RFC: Implement DNA Damage and Response indicators as bcbio QC outputs

schelhorn commented 7 years ago

I was wondering if anyone else would be interested in adding DNA Damage and Response (DDR) indicators as (perhaps optional) bcbio QC outputs. These indicators are of interest to pharma R&D in order to identify samples with deficits in specific DNA repair pathways (there are several ones). Currently there are about eight to ten different ways to derive such indicators described in the literature that all involve postprocessing VCFs from somatic SNVs, CNVs, or SVs (plus LOH, although that can be viewed as a mixture of SNV and CNV signals). So all the required inputs are already generated by bcbio.

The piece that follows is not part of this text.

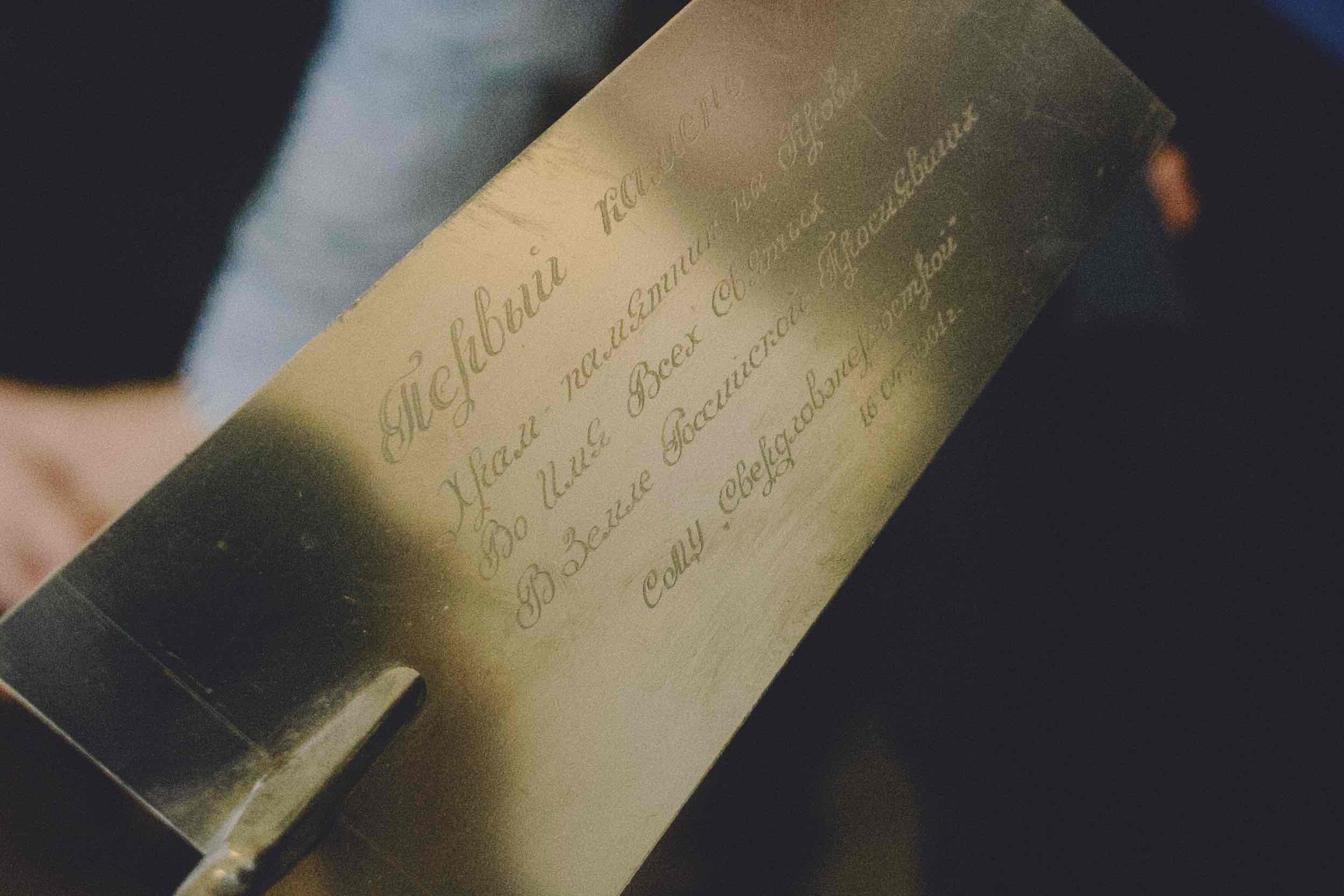 Презентация исторического путеводителя «Крепость Екатерины» совпала со знаменательным событием: ровно 25 лет назад в стены будущего Храма-Памятника на Крови торжественно были заложены первые кирпичи. Первый глава администрации Екатеринбурга, принимавший непосредственное участие в закладке Храма-Памятника на Крови, Аркадий Михайлович Чернецкий поздравил всех с юбилеем постройки Храма и передал в дар Музею Святой Царской Семьи уникальный артефакт — мастерок, которым был нанесен раствор при закладке надземной части Храма.

Most methods for deriving these indicators require counting classes of variation events over certain genomic intervals and reporting these in predefined sub-categories (often called "signatures") in the form of a number of aggregated counts per sample. For SNVs, that usually results in up to 96 different signatures, for SVs in about 32, and for CNVs in a hand full more.

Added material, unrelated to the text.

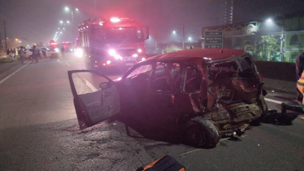 Um acidente envolvendo dois carros e uma motocicleta deixou quatro pessoas feridas na madrugada deste domingo (5), na BR-101, bairro Tabuleiro, em Barra Velha, no Litoral Norte de Santa Catarina. Todas as vítimas estavam conscientes no momento do atendimento, segundo informações do Corpo de Bombeiros Militar. Ocorrência foi registrada por volta das 2h39min.

So from the standpoint of implementation, deriving these indicators would mean walking over all [SNV, SV, CNV] VCFs once in a single Python process and fill a matrix of dimension ~[NRBATCHES]*140 in memory with integer counts. This matrix could then be added to MultiQC and/or written to disk as a separate tab-delimited file output. User would then load this matrix into their statistical environment of choice and apply NNMF or clustering to derive the affected DDR pathways (there are existing implementations in R for that). However, even direct comparing of counts can be insightful, similar to the DKFZ DNA damage code that already is in bcbio for more general QC purposes.

We already have implementations for some of the DDR indicators in R and would probably re-implement them over to Python to be directly integrated in bcbio. Is anyone else from the user side interested in doing that as well, @mjafin perhaps? Brad, how do you feel about such forays into deriving genomic markers, is that in scope in bcbio at all?

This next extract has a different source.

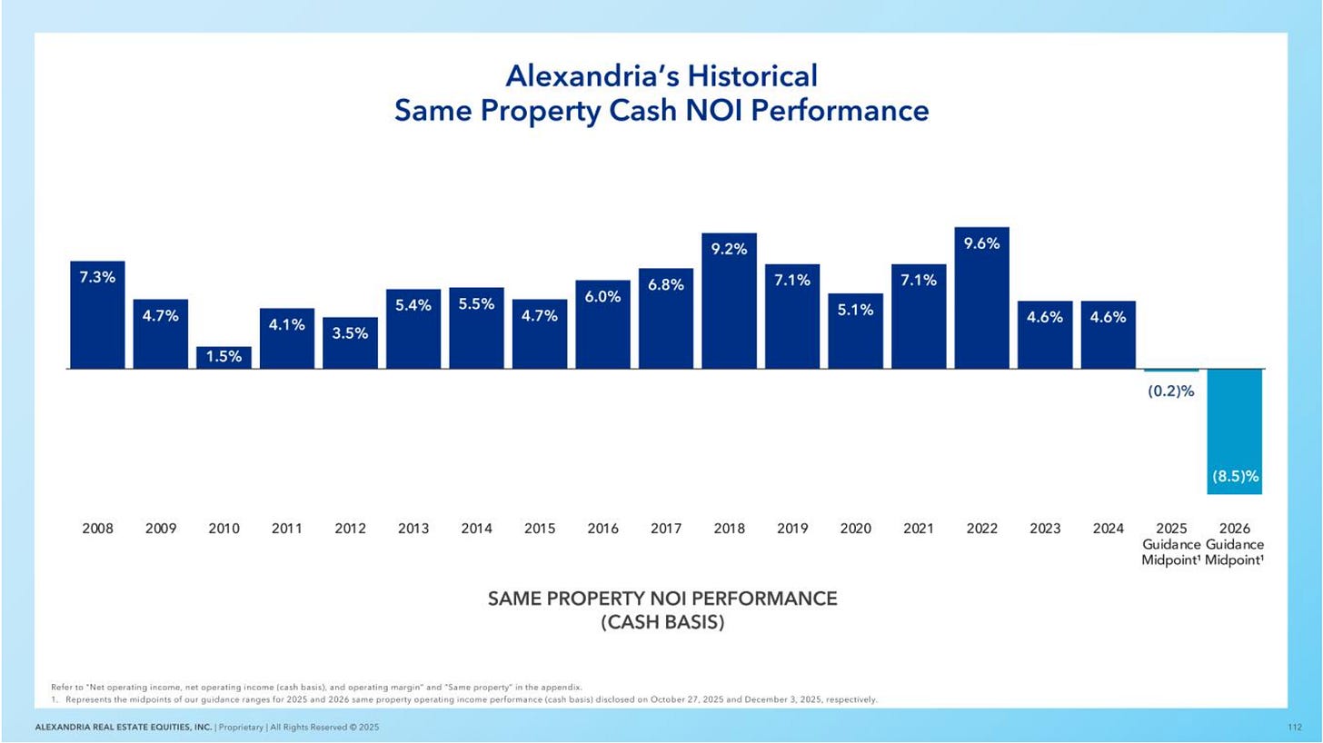 At their investor day, Alexandria’s management said that all 4 pillars of the industry are collapsing at once.

mjafin commented 7 years ago

Hi Sven-Eric, With our heavy focus on DDR this is obviously something we've been doing in our post-processing, parts of which could be considered the "secret sauce". If there are some IP-free approaches to predicting DDR indications that'd be interesting to add to bcbio

schelhorn commented 7 years ago

Alright, I see :) May I ask if you are doing that directly in bcbio or in an external step? Depending on your interests we could collaborate in having a general approach for accessing and iterating of VCFs in bcbio and generating counts for defined classes of events, but leave it to each organization to define the exact rules for counting and aggregating in private. If you prefer do do your processing externally to bcbio, though, (as we are doing it at the moment), then that wouldn't be viable, of course. There are a couple of IP-free approaches in the literature.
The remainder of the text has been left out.